For more details, refer to Concepts → Incorta Spark SQL View.

The New Data Studio

The Incorta Data Studio tool is now generally available. The Data Studio is a powerful tool that enables users with minimal technical expertise to create Materialized Views (MVs) using a simple drag-and-drop interface.

Using the Data Studio, schema managers can perform multiple actions and transformations on your data using sequential steps and recipes. You use your raw data and apply steps and pre-built recipes to transform your data and create MVs.

To enable the Data Studio, please contact Incorta Support.

Null handling enhancements

In this release, both the Analytics and Loader services have expanded their support for null handling.

  • When the Null Handling option is enabled in the Cluster Management Console (CMC):
    • Formulas defined in schemas, business schemas, and insights now account for null values.
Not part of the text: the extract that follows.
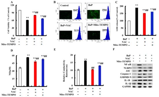 Effects of ROS inhibitor (NAC, 2 mM) and mtROS inhibitor (Mito-TEMPO, 50 µM) on BaP-induced pyroptotic hepatocyte damage. Cell viability (A), LDH (C), NO (D), and electrical conductivity (E) were detected. ** p < 0.01 compared with control, ## p < 0.01 compared with 25 µM BaP. ROS were examined by Flow cytometer and Fluorescence microscope (B). Western blot image of protein expression acquired by Chemical XRS Imaging System (F).

The following formulas do not support null handling:
      • and()
      • bin()
      • case()
      • caseContains()
      • decode()
      • in()
      • lookup()
      • or()
    • The Loader Service stores nulls as nulls when materializing formula columns.
    • The Loader Service accounts for null values while partially loading data based on a custom condition.
  • Regardless of the Null Handling option:
    • The PK-index and join calculations: The Loader service accounts for null values and no longer considers them zeros or empty values.
    • The Analyzer and Dashboard now handle null representations when creating or displaying tabular insights, charts, Analyzer tables, and Analyzer views.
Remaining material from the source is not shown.